By contrast, China’s approach is far more comprehensive, in terms of the number of policies that now have a security rationale, the potential scope of their implementation and the impact they would have on business. Since the mid-2000s there has been a steady convergence of development and security concerns in China, with the goals of achieving a high degree of ‘controllability’ of its industrial system, technological self-reliance and supply chain security now of paramount importance.
For its part, the US has moved away from its rhetoric of ‘decoupling’ in favour of ‘de-risking’, creating the perception that its approach is closely aligned with the EU’s. However, while both economies aim to build their domestic industrial capabilities and bolster their competitiveness in key industries, the US differs in that it has also been taking a more pre-emptive approach, with the goal of impeding China’s development in key technological fields.
At the corporate level, the volume, complexity and severity of the risks companies face have grown exponentially in recent years, as politics has seeped into the business environment.
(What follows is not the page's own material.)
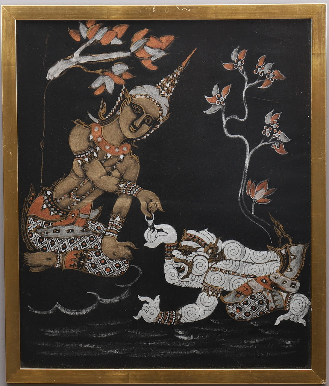 946775. TAVLA, textil/tusch, indisk gud.
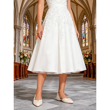 Scarpe da sposa eleganti con punta affilata in pizzo color avorio e cinturino alla caviglia con perle, per matrimoni in giardino

While Chamber members differ in how they are responding, clear sets of strategies are emerging with some pulled into the China market to increase localisation and/or investment, and others pushed to shift investments and/or parts of their operations away from the country.
“While it is natural that all global actors will seek to ensure the security of their respective economies, it should be done in a way that is minimally disruptive to business,” said Jens Eskelund, president of the European Chamber. “Actions taken in the name of risk management and strengthening economic security should be proportionate, targeted and precise and should never become a cover for protectionism.”
“China’s 14th Five-Year Plan marks a strategic shift in Chinese policymaking and includes risk management as a key pillar,” said Markus Herrmann Chen, co-founder and managing director of China Macro Group. “Today, policymakers have a comprehensive toolkit at their disposal geared towards mitigating risks and promoting security in China’s economy, which goes beyond merely advancing self-reliance.”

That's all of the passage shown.